S. Korea's Park says family 'root cause' of ferry tragedy

S. Korea's Park says family 'root cause' of ferry tragedy
A woman reads messages on yellow ribbons dedicated to dead and missing passengers of the sunken ferry Sewol.

SEOUL - South Korean President Park Geun-Hye on Tuesday denounced fugitive members of the ship-owning family linked to last month's ferry disaster, calling them the "root cause" of the tragedy that claimed around 300 lives.

The government has offered a half-million dollar reward for information leading to the arrest of Yoo Byung-Eun, patriarch of the family behind Chonghaejin Marine Co.

Chonghaejin owned and operated the 6,825-tonne Sewol ferry that capsized and sank on April 16 with hundreds of high school students on board.

Yoo and his eldest son have become the targets of a massive manhunt after they ignored prosecutors' summons to surrender themselves for questioning.

Initial investigations suggest that lax safety standards and negligent business practices may have been a major contributor to the disaster.

"The Yoo Byung-Eun family, the root cause of the tragedy, is flouting the law and causing public fury at a time when it should repent in front of people and reveal the truth," Park told a meeting of her cabinet.

"This is an absolutely unpardonable criminal act," she said.

Yoo has no direct stake in Chonghaejin, but his children and close aides control it through a complex web of holding companies.

Prosecutors had offered an initial reward of US$50,000 (S$62,740) for information on Yoo's whereabouts, but upped the figure to US$500,000 on Monday after days of fruitless searching.

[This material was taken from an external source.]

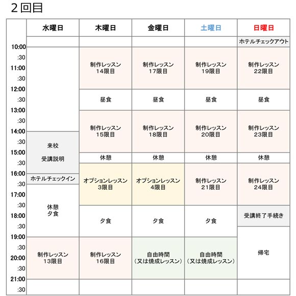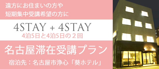 遠方にお住まいの方や、短期集中受講希望の方におすすめのプランです。 レチアンガラス名古屋本部から徒歩5分のビジネスホテル「葵ホテル」にご宿泊いただき、 合計10日間で全28回のレッスンを受講いただけます。(ベーシックコース又はアドバンスコースの場合) ■受講スケジュール![]() ![]() ※上記受講スケジュールはベーシックコース(28コマ)、又はアドバンスコース(28コマ)の場合のスケジュール例です。 ※受講スケジュールは上記水曜日来校以外に、ご希望に応じまして木曜日又は金曜日来校のパターンが可能です。 ※その他来校日や帰宅日、帰宅時間など希望のある方は気軽にご相談下さい。 ■プラン料金 受講料と宿泊費がセットになっています。 ホテルの予約、宿泊料支払いは当方で行います。 価格は税込です

A US$100,000 reward was offered for his eldest son Yoo Dae-Kyun.

In the wake of the Sewol tragedy, President Park has had to contend with widespread public criticism of the rescue effort and lax regulatory oversight.

In a tearful address to the nation last week, she accepted personal responsibility and announced she would dismantle the coastguard in an overhaul of the national emergency response system.

Park has been very outspoken in her own criticism of the ferry's captain and surviving crew members, saying their decision to abandon ship while hundreds were still trapped was "tantamount to murder."